In a 2024 case, the Court of Appeal overturned a decision of the Employment Appeal Tribunal and restored the tribunal’s finding that a redundancy dismissal was fair. Two points matter most for employers embarking on a redundancy process:

  • No blanket requirement for “general workforce consultation” in small-scale redundancies. Where fewer than 20 redundancies are proposed within a 90 day period and so the statutory collective regime is not triggered, employers are not required to hold workforce-wide meetings as a matter of law or “usual standard” to inform and consult on the redundancy proposal. Whether to convene a group session will be fact-dependent; individual consultation can (and often should) address both personal and workforce-wide issues. 
  • “Formative stage” clarified. Consultation must occur when it can realistically affect outcomes. The later consultation starts, the greater the risk a tribunal finds the employer’s mind had closed—but timing will be judged on a case-by-case basis. 

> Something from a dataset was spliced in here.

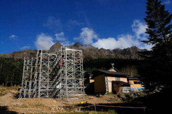 駐車場から2時間30分で 赤岳鉱泉に到着。 氷のクライミングウォール アイスキャンディーを建設中だ。 |

Individual consultation: still fundamental

Individual consultation remains central to the fairness of a redundancy dismissal. Employees should be able to: suggest ways to avoid redundancies; comment on the selection pool and criteria used; challenge their selection (including scores where relevant); and explore alternatives such as redeployment. An Employment Tribunal will assess the process holistically, and while there is no universal rule that employers must share every scoring detail in every case, employees must receive enough information and time to make meaningful representations. This may often mean that redacted versions of scores awarded to all members of the pool are provided. 

Collective consultation: when it applies—and when it doesn’t

Statutory collective consultation still applies if an employer proposes 20+ redundancies at one establishment within 90 days, with prescribed information and timing duties. Outside that threshold, De Bank Haycocks confirms there is no separate, quasi-collective obligation on non-unionised employers to run “general workforce consultation” which is what the Employment Appeal Tribunal in that case had suggested. Group briefings may be sensible in some cases, but there is no presumption that omitting them makes dismissals unfair. 

Practical steps for employers

  • Engage while proposals are still formative. Be open to feedback on pool, criteria and alternatives; record how you considered it. 
  • Use individual meetings to address common issues. Provide information (including how the criteria will be applied) so employees can respond meaningfully. 
  • Be proportionate. Group meetings can help with consistency and efficiency, but they are not mandatory in small-scale, non-unionised exercises. Decide based on the workforce, scale and the issues in play. 
  • Think holistically. Tribunals look at the overall process (including any internal appeal). A flaw in one step won’t automatically render the dismissal unfair if the process, taken as a whole, was within the band of reasonable responses. 

Disclaimer: This article is for general guidance only and does not constitute legal advice. Seek advice on the facts of your situation.